That sounds great, Metallman, but what about the advertising that you mentioned? Glad you ask. lol Adgitize cannot pay it's members if it does not generate any revenue. So advertising is a cool $14 a month (other options are available) and your ad is guaranteed to be shown on all sites that have the widget installed on their web page to the tune of at least once every 100 page views. So if 'X' site has 100 views a day, your ad will appear at least once on their site. Considering that there are thousands of sites in the network, you will definitely get your money's worth. And if you hit the 300 point mark daily, the ad will pay for itself each month. All while bringing you traffic and readers. Sign up is free and you do not have to advertise. You can gain points by other means but being given 100 points a day for being an advertiser is not a bad deal at all.
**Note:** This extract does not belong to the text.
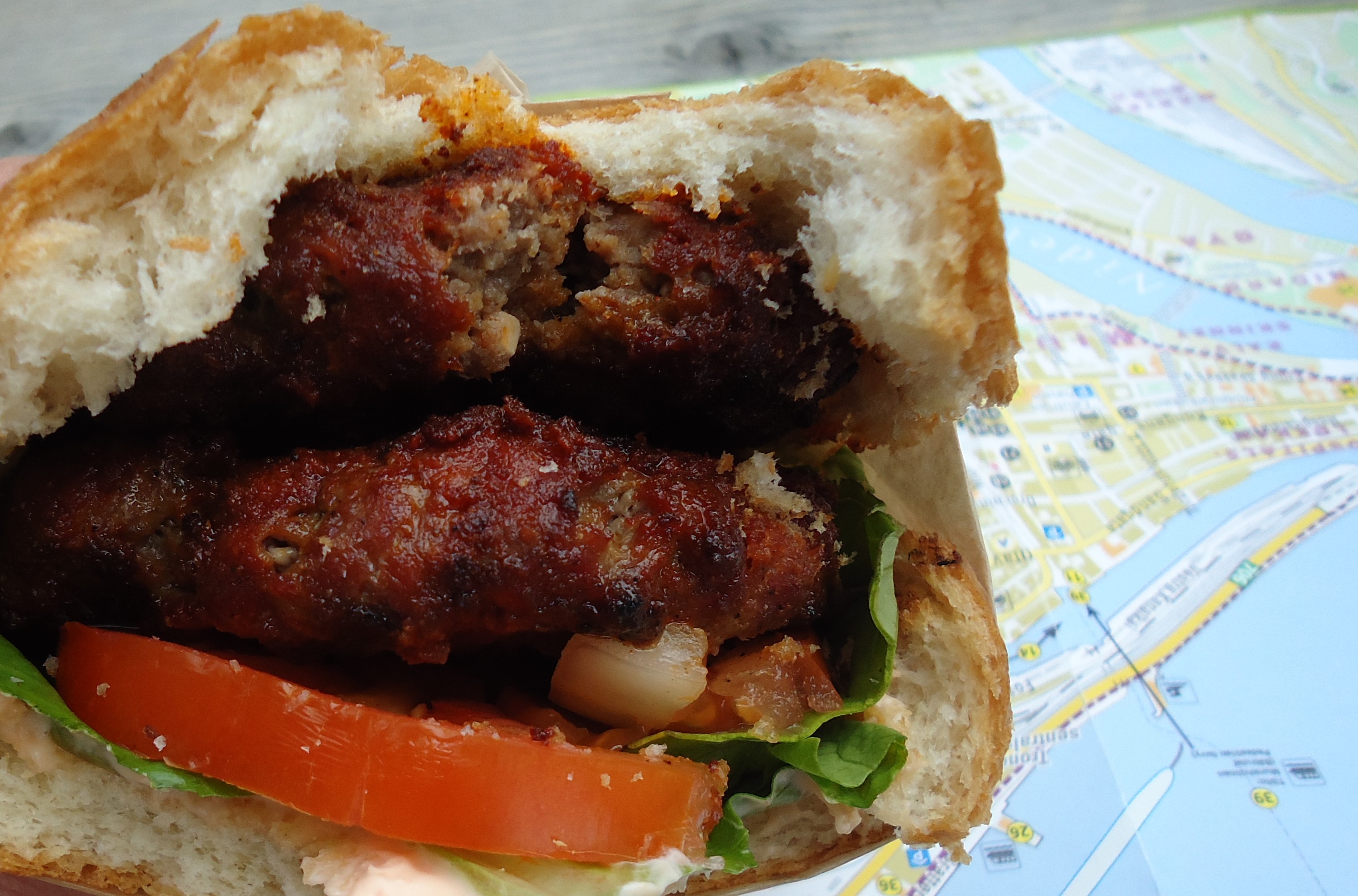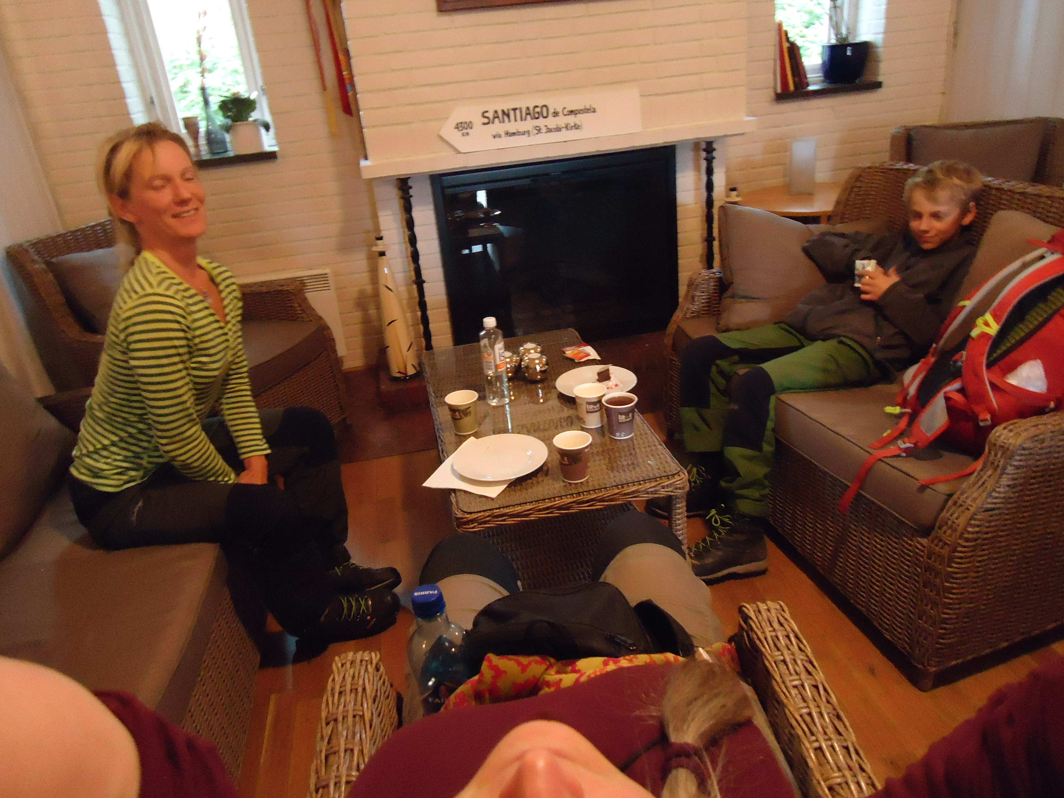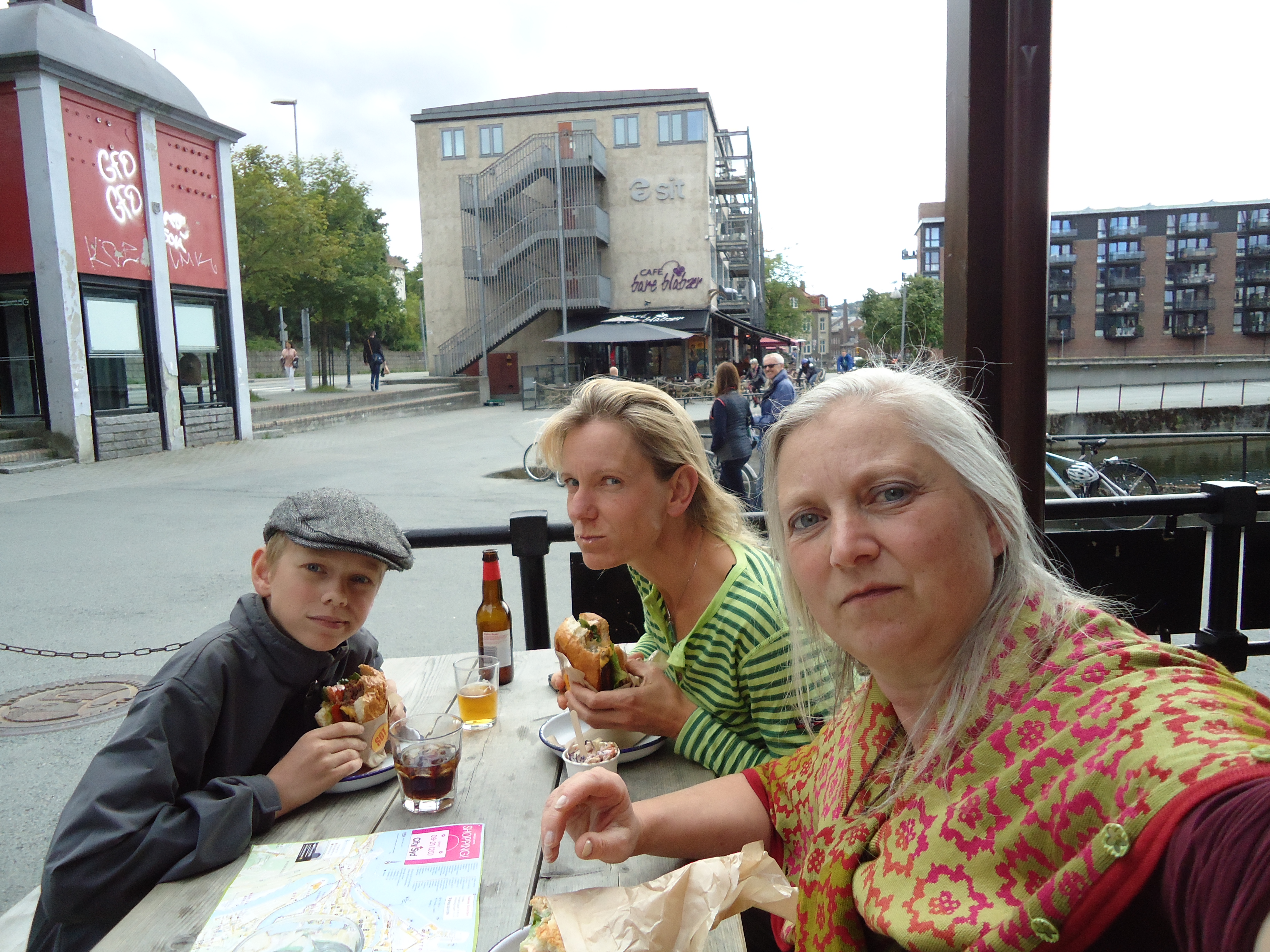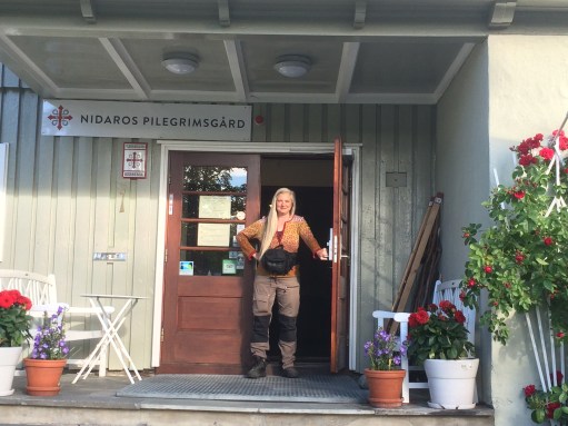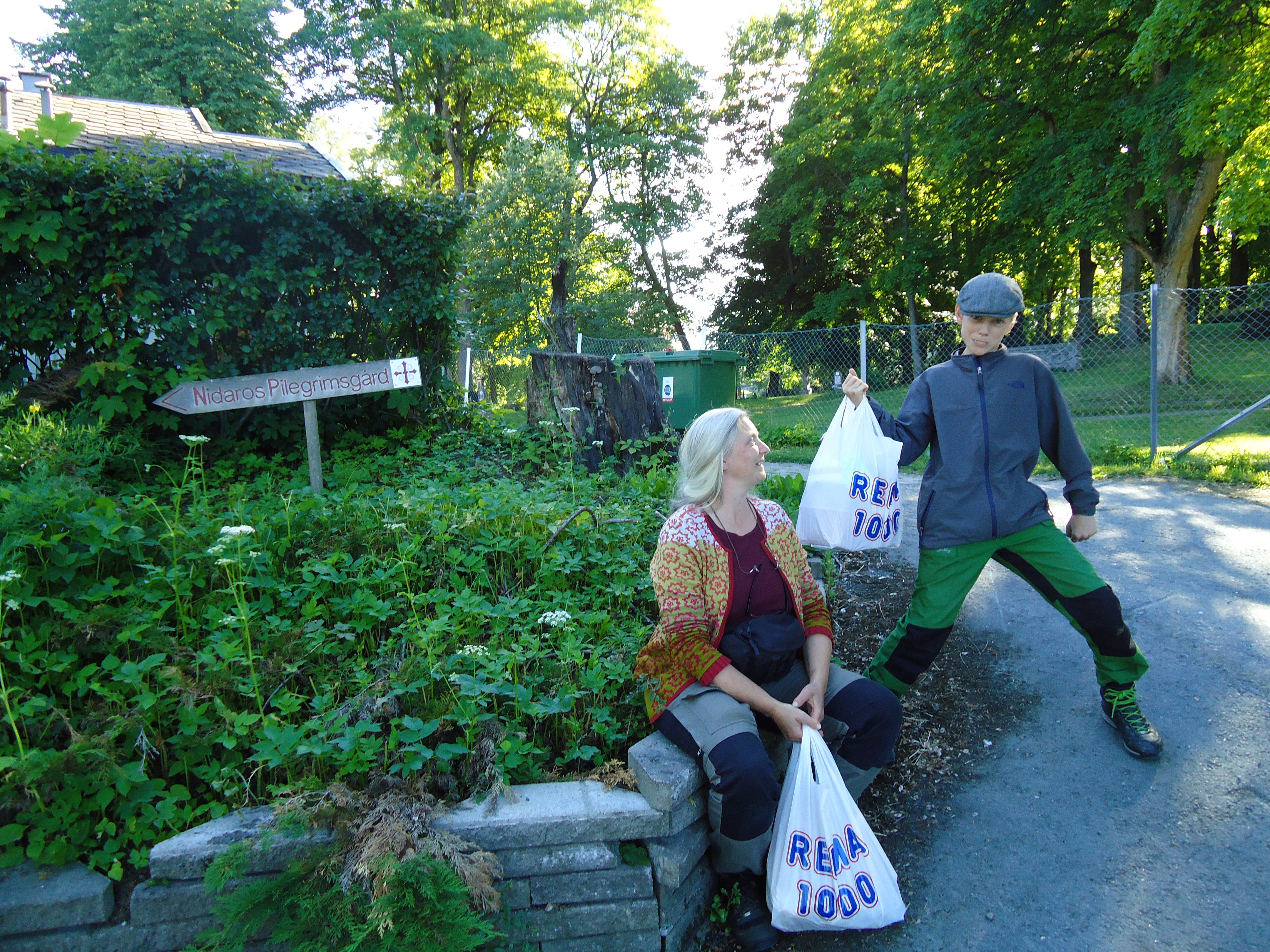 Vi innkvarteres på Nidaros pilegrimsgård (vi har forhåndsbooket, det er lurt spesielt i høysesongen), og jeg finner en seng med utsikt over Nidarosdomens mektige steinvegger skimtvis mellom bladverk og gamle trestammer. Vi får vafler og kaffe. Pilegrimer blir alltid tatt godt imot. Så bærer det ut i byen, for å feire at vi er i mål. Og Trym, han får fylt magen med belønningen han har drømt om på hele vandringen…

I haven't seen any complaints from anyone in regards to this. Paying to display your ad seems to be one "nuisance" that surfaces, but considering that you can pay $10 for a month long ad on any given website, you might as well ad the $4 and display your ads to thousands more. I'm quite thrilled about trying this out. Hopefully, it will bring in quality traffic as well as some online income. I'll keep you posted with how much it brings in after the first or second month. Check it out, friends. Later!
Monday, May 18, 2009
A Whole Lot of Shakin' Going On
Hey there. If you follow me on Twitter, than I'm pretty sure you know that we had a shaker over here in Southern California. Nothing too serious, but it was a good jolt for about 10 seconds or so. First reports estimated it at a 4.7 magnitude quake, then it was a 5.0, then it went back to 4.7. lol I chuckled to myself at how the media blew the thing up. We live in Southern California, we have little quakes all the time so when the news makes it a big deal, I feel as if there's nothing better for them to report on. They had callers dial in to share their experiences and it was just funny how a lady said, "Nothing fell, except for my eye glasses". Then there was this other person who called in and stated that he lived in Southern California for 15+ years. The newswoman then asked him if he's ever experienced any quakes before. Oh man... Of course he has! Who hasn't that lives in this area! Sheesh.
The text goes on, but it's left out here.